Leftist orthodoxy would hold that the absence of a robust social safety net would result in widespread human suffering. But the opposite is true. Hong Kong, a city of comparable size to New York City, has a tiny homeless population of approximately 1,000, as opposed to New York, where nearly one of every 121 New Yorkers is currently homeless. Hong Kong’s poverty rate of 14.7 percent is among the lowest in the world.

In spite of a comparatively hands-off regulatory environment, market efficiencies make Hong Kong’s carbon footprint per citizen less than green-obsessed Great Britain, Belgium, Germany, and Luxembourg, to name a few examples. Indeed, its carbon footprint per citizen is only two-thirds of Norway’s (6.4 metric tons per capita versus 9.3) and less than half of Canada’s (15.2 metric tons). If the left really cared about the environment, it shouldn’t abandon the profit motive’s efficient resource management that has proven to be a more effective pollution reducer than central control.

Is Hong Kong’s education system suffering under its heartless capitalism? On the contrary, its education system is ranked third in the world, behind Finland and South Korea. The United States, with all of its massive “investments” in education, was ranked 17th on the list.

Bring the Hong Kong Freedom Revolution to U.S. Cities

Imagine a choice of two buttons. Pressing the first button results in lower taxes, better education, less unemployment, poverty, and homelessness, and a more efficient management of resources leading to lower pollution emissions (including greenhouse gases). The second button results in higher taxes, more homelessness, huge budget deficits, and ineffectual environmental and education policy.
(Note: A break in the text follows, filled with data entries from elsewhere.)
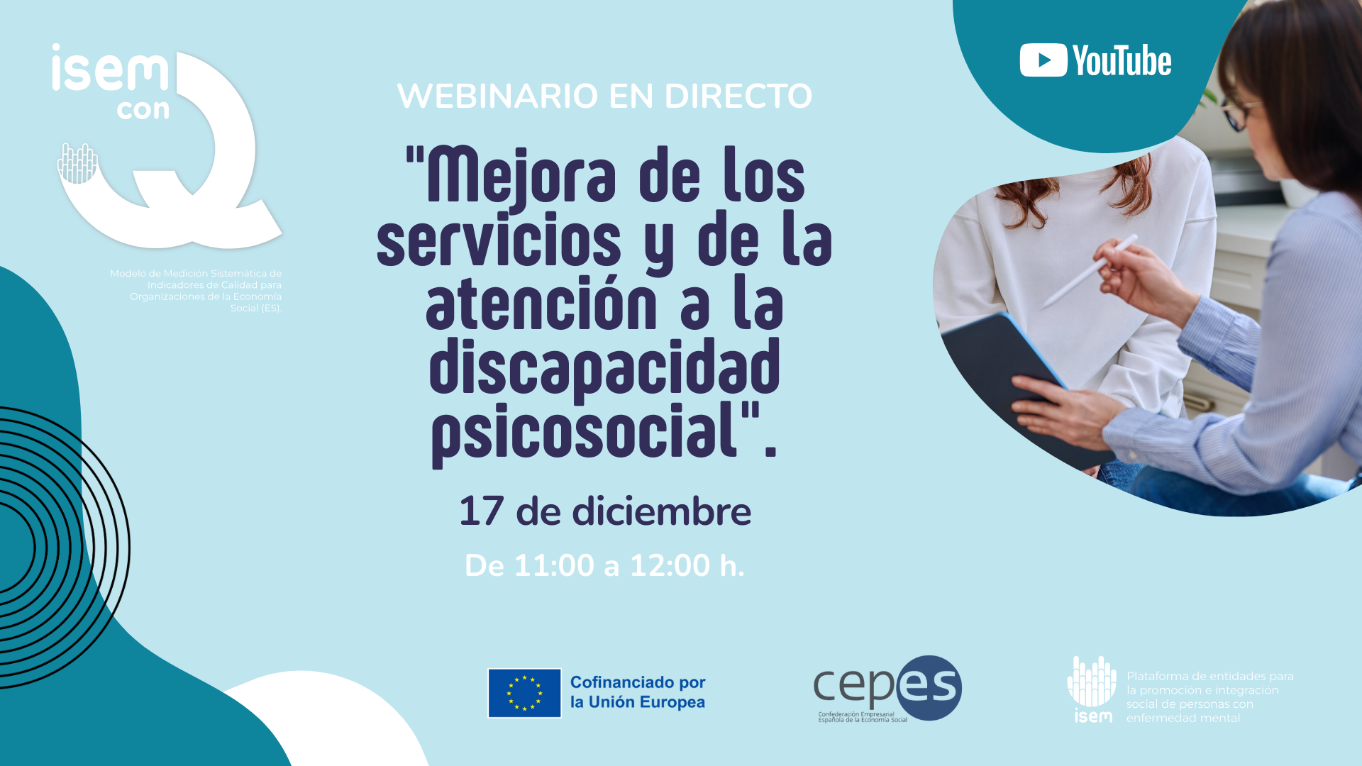El próximo 17 de diciembre de 2025, de 11:00 a 12:00 horas, se celebrará un webinario en línea organizado por Red ISEM en el marco del proyecto ISEMconQ, dirigido a entidades comprometidas con la calidad en discapacidad psicosocial y salud mental. El evento presentará la plataforma online ISEMconQ, que ayuda a las entidades a medir y mejorar sus datos mediante indicadores adaptados a su realidad para facilitar la toma de decisiones.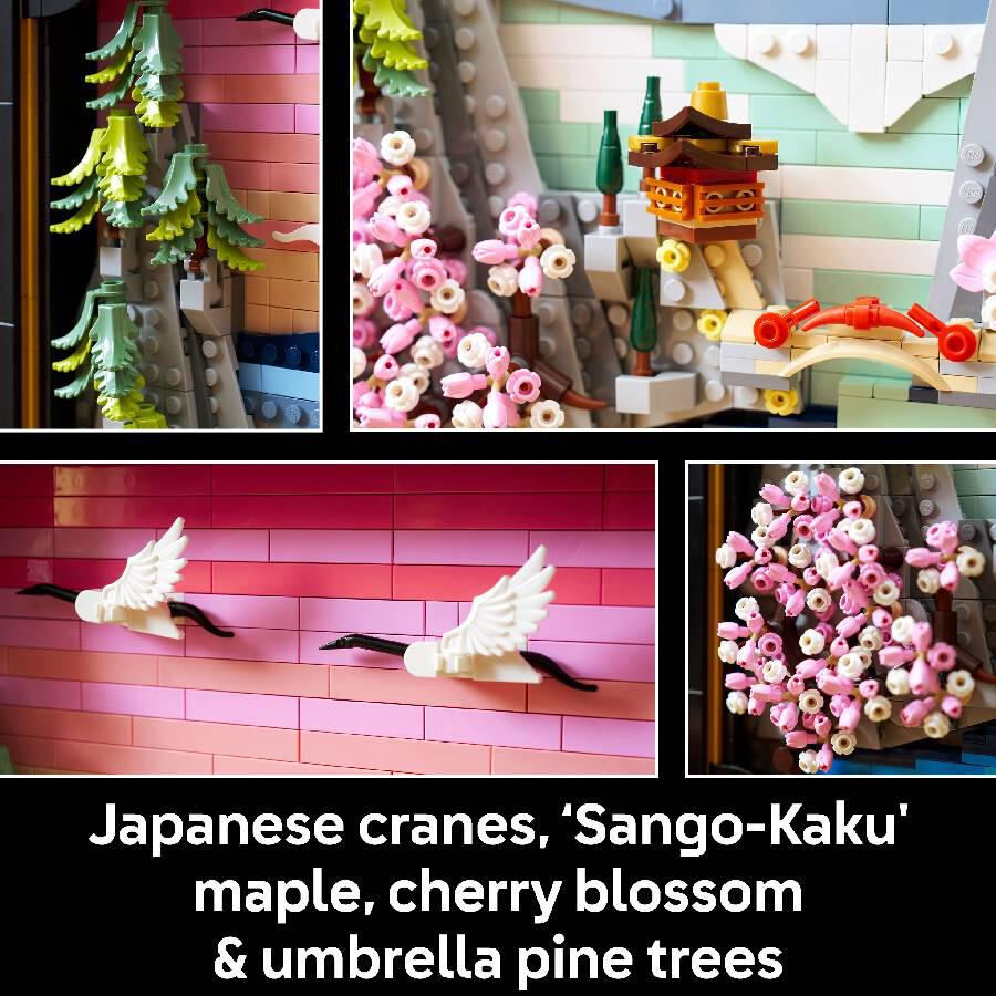 - HOMAGE TO JAPAN – This LEGO reimagination of a traditional Japanese landscape features Mount Fuji, a teahouse, Japanese cranes and ‘Sango-Kaku’ maple, cherry blossom and Japanese umbrella pine trees.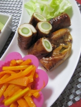 まだまだ続く…鶏むね肉星人とにんじん星人(笑)鶏むね肉をフォークで刺して、(肉の10㌫の水+肉の1㌫の塩+肉の1㌫の砂糖)にもみ込んでから、アスパラを巻いてフライパンで焼いてから、焼き肉のたれでじっくりと味付けする 鶏むね肉のさっぱり感と焼き肉のたれのこってり感がしっかりマッチして、食欲旺盛な… 2012/07/31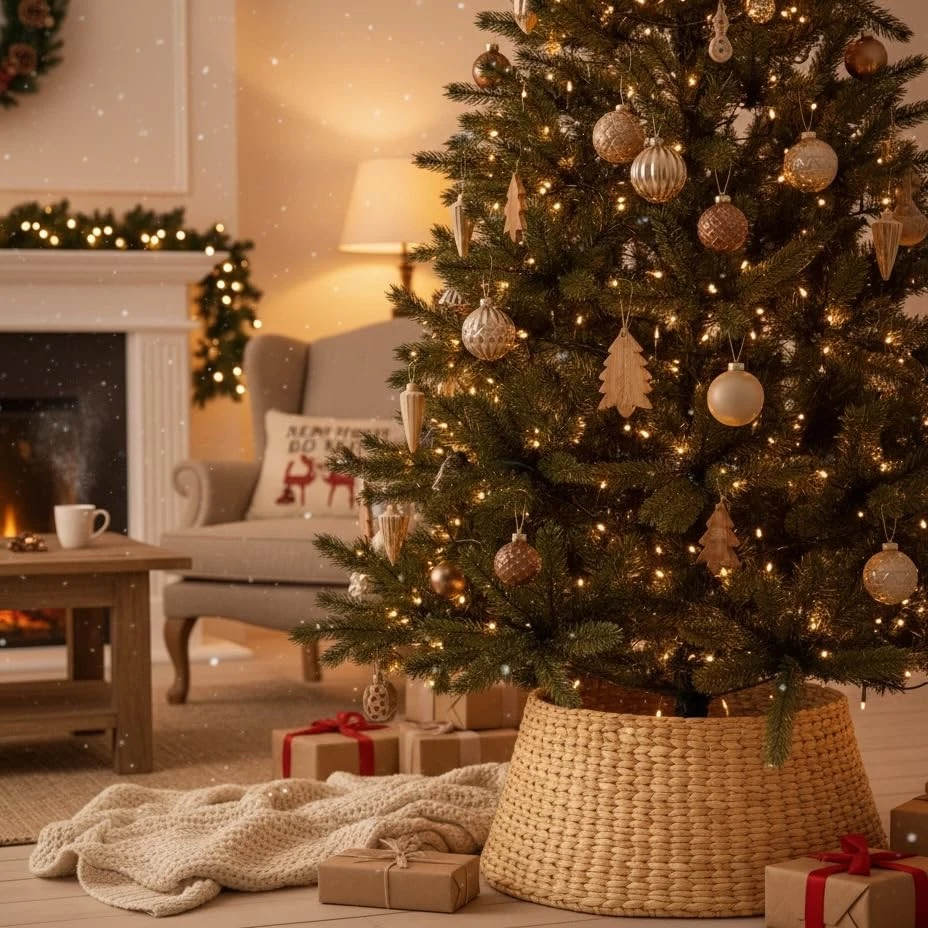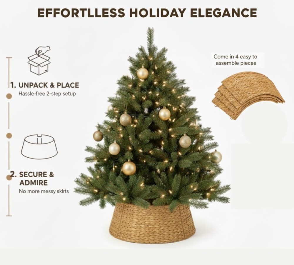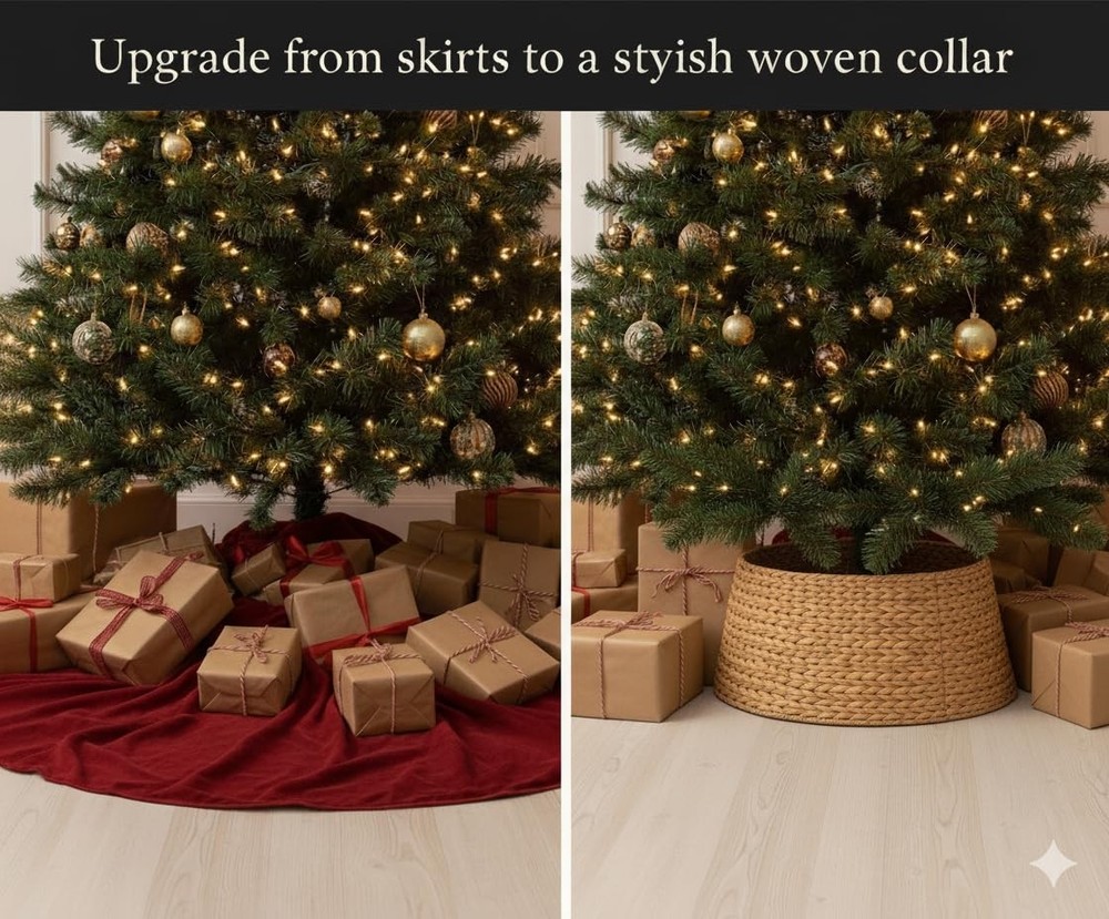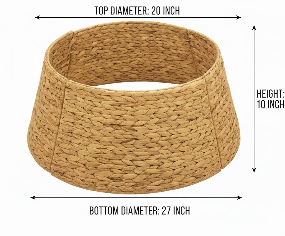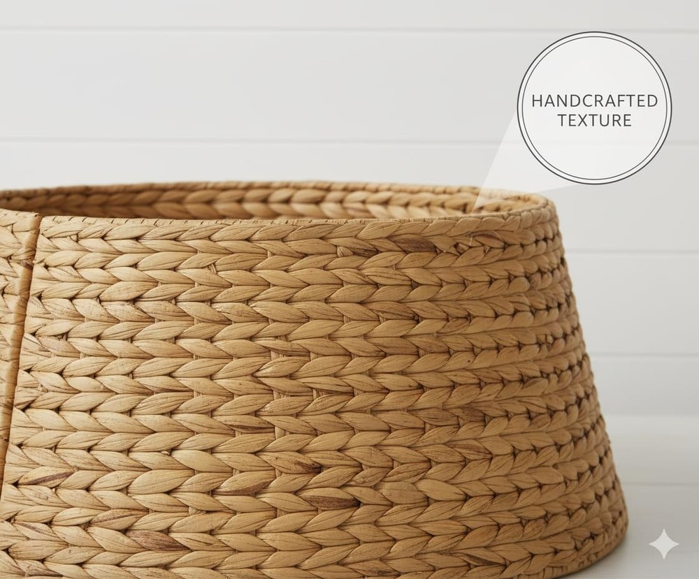 Add warmth, style, and a clean finish to your holiday décor with our Natural Water Hyacinth Christmas Tree Collar. Hand-woven from eco-friendly water hyacinth, this basket-style tree collar replaces traditional tree skirts with a more structured, elevated look. The natural texture and warm tones instantly create a cozy farmhouse or rustic feel in your home. Designed to fit most tree stands , this collar hides bulky metal or plastic bases and gives your tree a polished appearance from every angle. Lightweight yet sturdy, it sets up in seconds and stores easily after the holidays. Whether your décor style is , farmhouse, Scandinavian, or modern boho, this woven tree collar adds charm and warmth to your Christmas display. Make your holiday tree look beautifully finished — the easy, stylish way. Natural Hand-Woven Water Hyacinth – Crafted from durable, eco-friendly water hyacinth with a warm, rustic texture that instantly elevates your holiday décor. Each piece is hand-woven for a unique, organic look. Hides Tree Stands Cleanly & Beautifully – No more distracting metal bases or plastic tree stands. This structured collar provides a clean, polished look around your Christmas tree in seconds. Fits Most Artificial & Real Trees – Designed with a wide base opening and flared shape to accommodate most popular tree stands (6 to 9ft). Great for small, medium, and large trees. Farmhouse & Modern Rustic Style – Neutral warm tones blend seamlessly with farmhouse, Scandinavian, boho, traditional, or modern décor. Perfect for cozy holiday styling. Quick Setup & Easy Storage – Lightweight, sturdy, and simple to place around your tree. Collapses or nests for easy off-season storage without taking up space.

Viewed in this light, wouldn’t you fight for access to the first button? In effect, the left has simply switched the labels both systems truly deserve. That’s the essence of virtue signaling. It doesn’t matter whether a proposal actually solves the problem so long as the proposal is delivered with a sufficiently emotive speech about the problem.

The protesters in Hong Kong aren’t just fighting for their own freedom. Hong Kong is perhaps the last island of market freedom in the world. We should be demanding our own leaders adopt lower and simpler taxes, fewer and simpler regulations, and less intervention in all of the voluntary transactions that solve everyday problems.

Hong Kong’s fight to preserve its freedom has come at a cost. The police have been brutal, leading the protesters to demand an investigation. As I write this, news broke that the Chinese have acceded to the protesters’ first demand, to withdraw the extradition bill that is credited with sparking the protests at the outset. Not good enough, protesters insist. As The New York Times noted, the list of protester demands “has grown to include an independent investigation into the police response, amnesty for arrested protesters and direct elections for all lawmakers and the chief executive.”

Speaking of The New York Times, why are its relatively underpaid journalists and opinion-makers content to tolerate crime and homelessness in their increasingly dirty and dangerous city? Forget virtue signaling and try some actual virtue. These influencers live with the awful consequences that left-wing policies provide. If they truly cared about their fellow citizens more than sucking up to the faux virtue of the American oligarchy, they would help re-label the buttons.

Think of all the misery that could be avoided if the Hong Kong freedom revolution spread to our beleaguered American cities. New York Times columnist Nicholas Kristof recently wrote, “My heart is with the protesters. … So it’s impossible not to be inspired by up to two million brave Hong Kongers marching to gain rights that are taken for granted in so much of the world.”

Is he inspired enough to demand market freedoms in New York? He will if he truly cares more about the homeless than being invited to swanky cocktail parties by the “virtuous” elite.